> **INFORMATION SUPPLIED**:
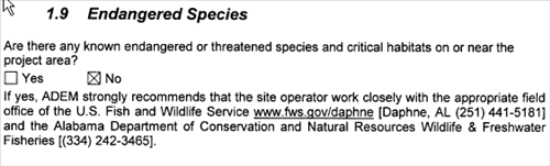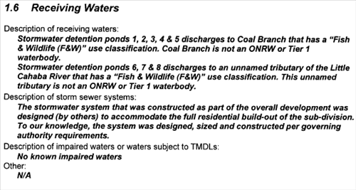 It should be noted that both Coal Branch and the unnamed tributary of the Little Cahaba flow into the Little Cahaba River. Thus, all runoff from Cotswold's activities has been discharged into the Little Cahaba River. Pictures of the damage to the river at the confluence of Coal Branch and the Little Cahaba are attached as exhibits to Objection2h.html. You can go directly to the pictures by clicking here: Exhibit C to Ltr to Jeffco Cnty Commission. Additional pictures can be found at May 13, 2007, Damage to the Little Cahaba River. It it hard to see how the CBMPP Filing can state that there are “[n]o known impaired waters,” when there is abundant evidence of damage to the Little Cahaba.
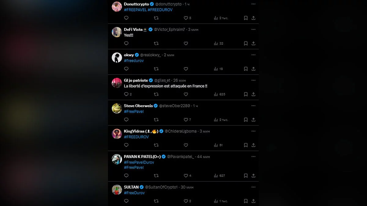 За час публикация собрала уже более 2,5 миллиона просмотров. Пользователи присоединились к сообщению Илона Маска, начав массово оставлять в комментариях хэштеги с призывом освободить создателя Telegram.
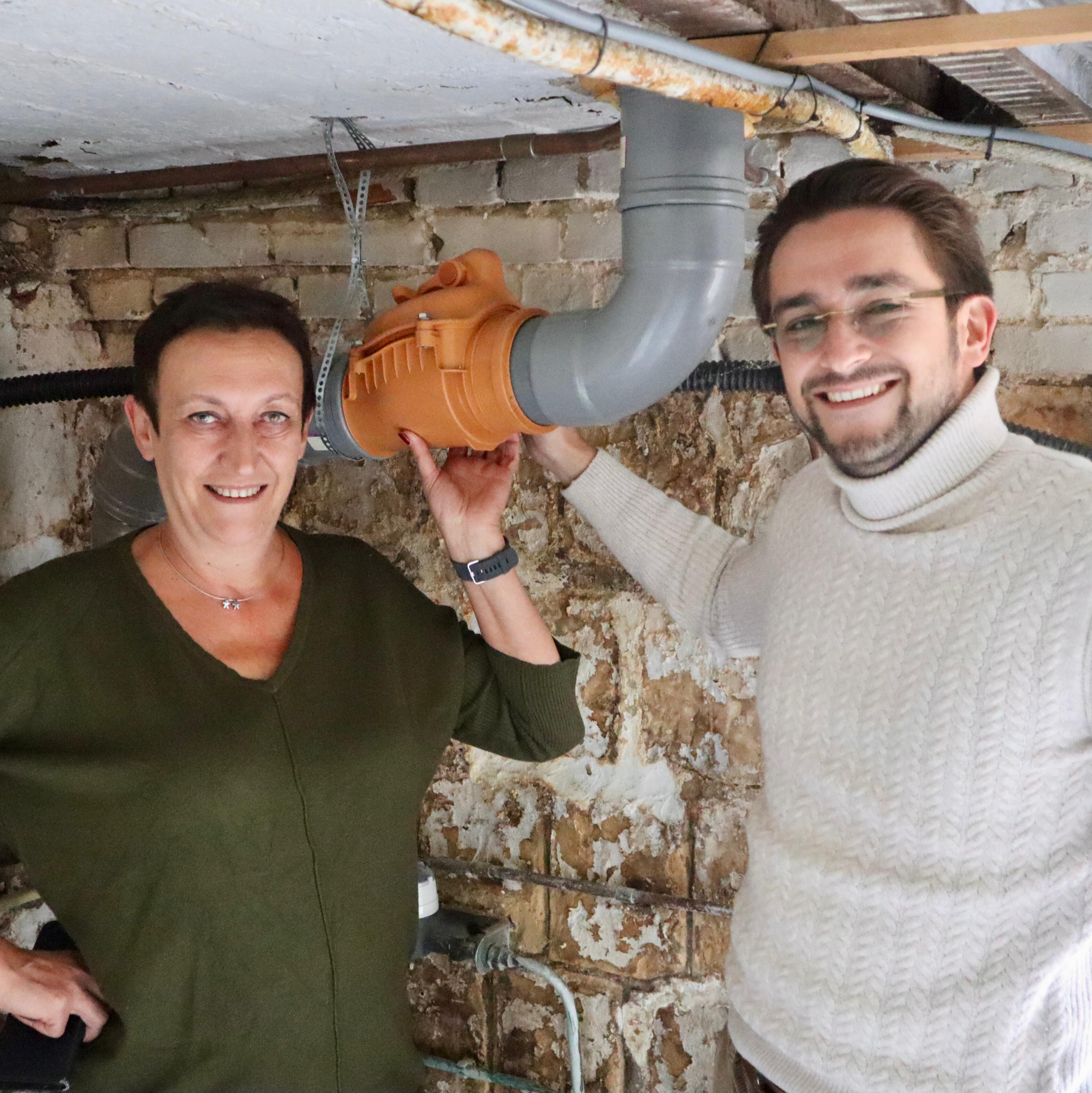 In de kelder zijn verschillende maatregelen genomen. De rioleringsbuizen zijn hoger geplaatst, zodat water uit het riool minder makkelijk terugstroomt. Ook zijn er terugslagkleppen aangebracht, die voorkomen dat rioolwater terug de wc of keuken inloopt.
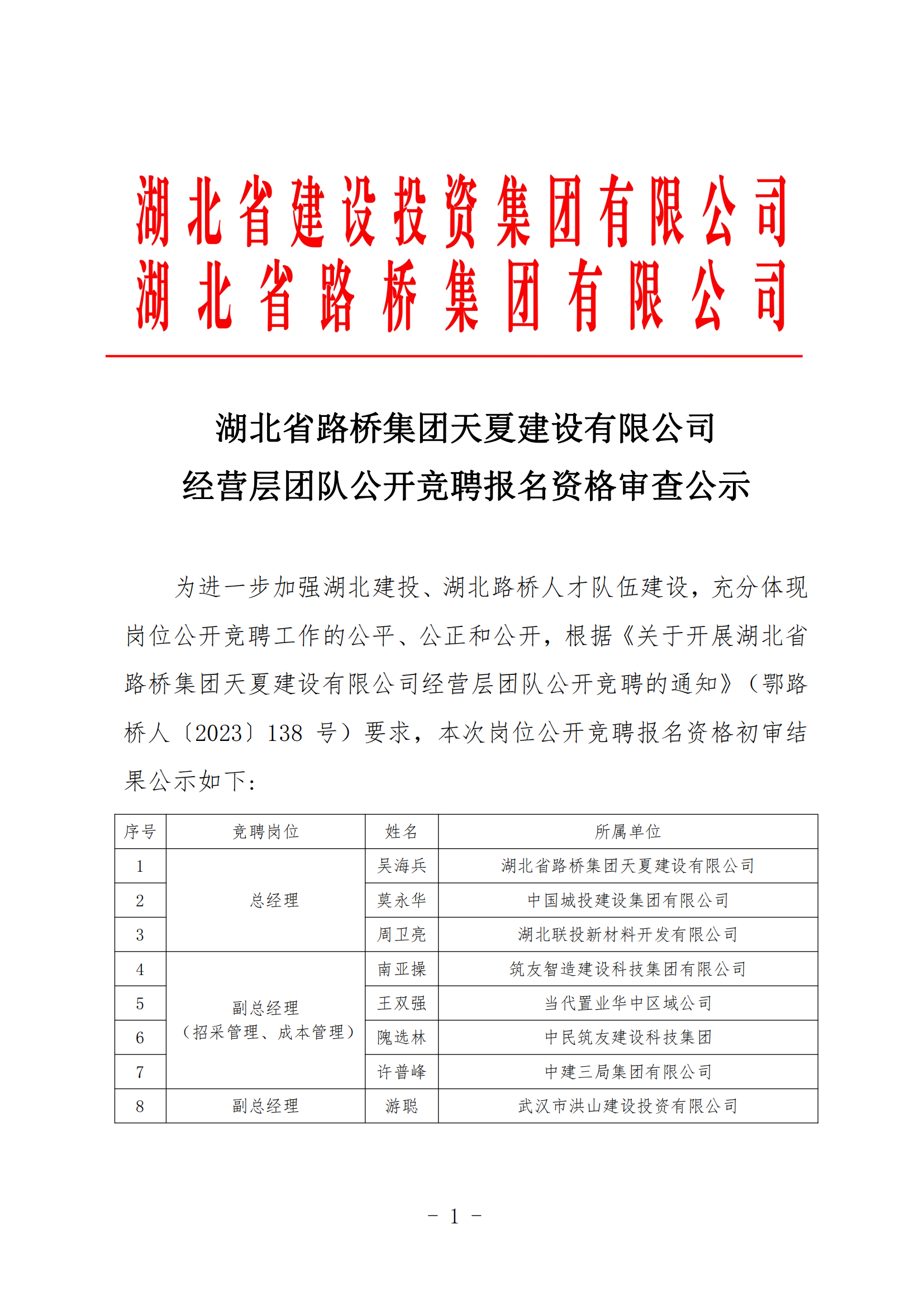 湖北省路桥集团天夏建设有限公司经营层团队公开竞聘报名资格审查公示

> **THE PROBLEM**:
Without the pictures, give every line above again exactly.

> **RESPONSE**:
 It should be noted that both Coal Branch and the unnamed tributary of the Little Cahaba flow into the Little Cahaba River. Thus, all runoff from Cotswold's activities has been discharged into the Little Cahaba River. Pictures of the damage to the river at the confluence of Coal Branch and the Little Cahaba are attached as exhibits to Objection2h.html. You can go directly to the pictures by clicking here: Exhibit C to Ltr to Jeffco Cnty Commission. Additional pictures can be found at May 13, 2007, Damage to the Little Cahaba River. It it hard to see how the CBMPP Filing can state that there are “[n]o known impaired waters,” when there is abundant evidence of damage to the Little Cahaba.
 За час публикация собрала уже более 2,5 миллиона просмотров. Пользователи присоединились к сообщению Илона Маска, начав массово оставлять в комментариях хэштеги с призывом освободить создателя Telegram.
 In de kelder zijn verschillende maatregelen genomen. De rioleringsbuizen zijn hoger geplaatst, zodat water uit het riool minder makkelijk terugstroomt. Ook zijn er terugslagkleppen aangebracht, die voorkomen dat rioolwater terug de wc of keuken inloopt.
 湖北省路桥集团天夏建设有限公司经营层团队公开竞聘报名资格审查公示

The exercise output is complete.